At times just feel stupid spending hours and hours producing vlogs some of which have barely been viewed a hundred times (and some of those are me checking that things are all set to go 😉 ).
I guess I’m not posting vids regularly enough or really establishing enough of a connection with viewers 🙁 It’s something to work on and all (constructive) comments and suggestions on the channel are welcome.
Still, at the end of the day, I love making the videos, every view counts and I keep getting new ideas for shoots.
So, in 2018 the YouTube channel won’t be going anywhere…. Erm, best rephrase that: I’ll keep plugging away at it in 2018 🙂
Keep your eye on the prize!
Sometimes, keeping going at what can feel like a thankless labour of love is the best you can do, be it in vlogging or language learning.
> Whether it’s my written Russian, my spoken Basque or your own language learning project, the road to success involves one step after another, sometimes after sliding backwards or losing one’s way.

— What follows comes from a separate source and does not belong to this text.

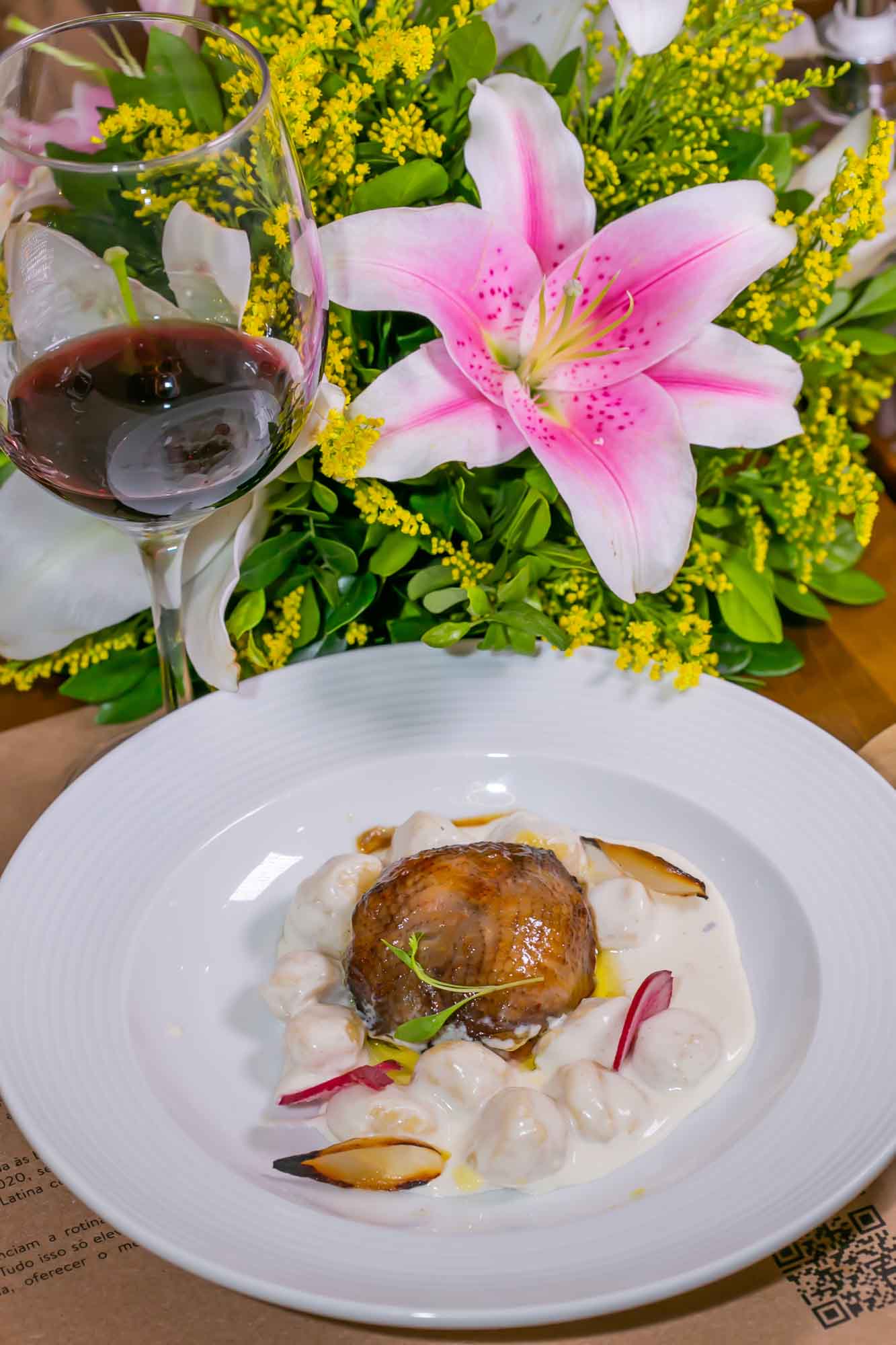 Os dois pratos principais foram: Codorna desossada e recheada com ela mesma, acompanhada de gnocchi de mandioquinha e cogumelos franceses; e Bacalhau confitado com mousseline de alho, terrine de berinjela, cenoura orgânica e couve-flor crocante.
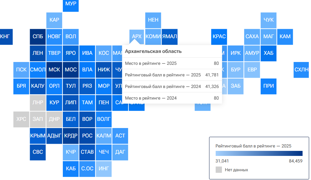 Поморье вновь оказалась в числе регионов-аутсайдеров по качеству жизни, заняв 80-е место. Несмотря на формальный рост рейтингового балла, позиции области за год ухудшились на фоне более динамичного развития других субъектов.

We should expect to learn through mistakes and, strange as it may sound, through forgetting, again and again.
It’s still very well worth the inevitable frustrations.
Year in, year out, it never stops being a thrill to feel yourself gradually getting fluent….
I’ve loved working on the site for you in 2017. Let’s keep sharing our ups and downs and here’s to our language learning success in 2018, together! 🙂
Happy New Year/Bonne année/Blwyddyn Newydd Dda/Guten Rutsch/Hyvää uutta vuotta/Boldog új évet/Feliz Ano Novo/Urte berri on/Selamat Tahun Baru/С новым годом/Καλή χρονιά! and….in Icelandic: Gleðilegt nýtt ár.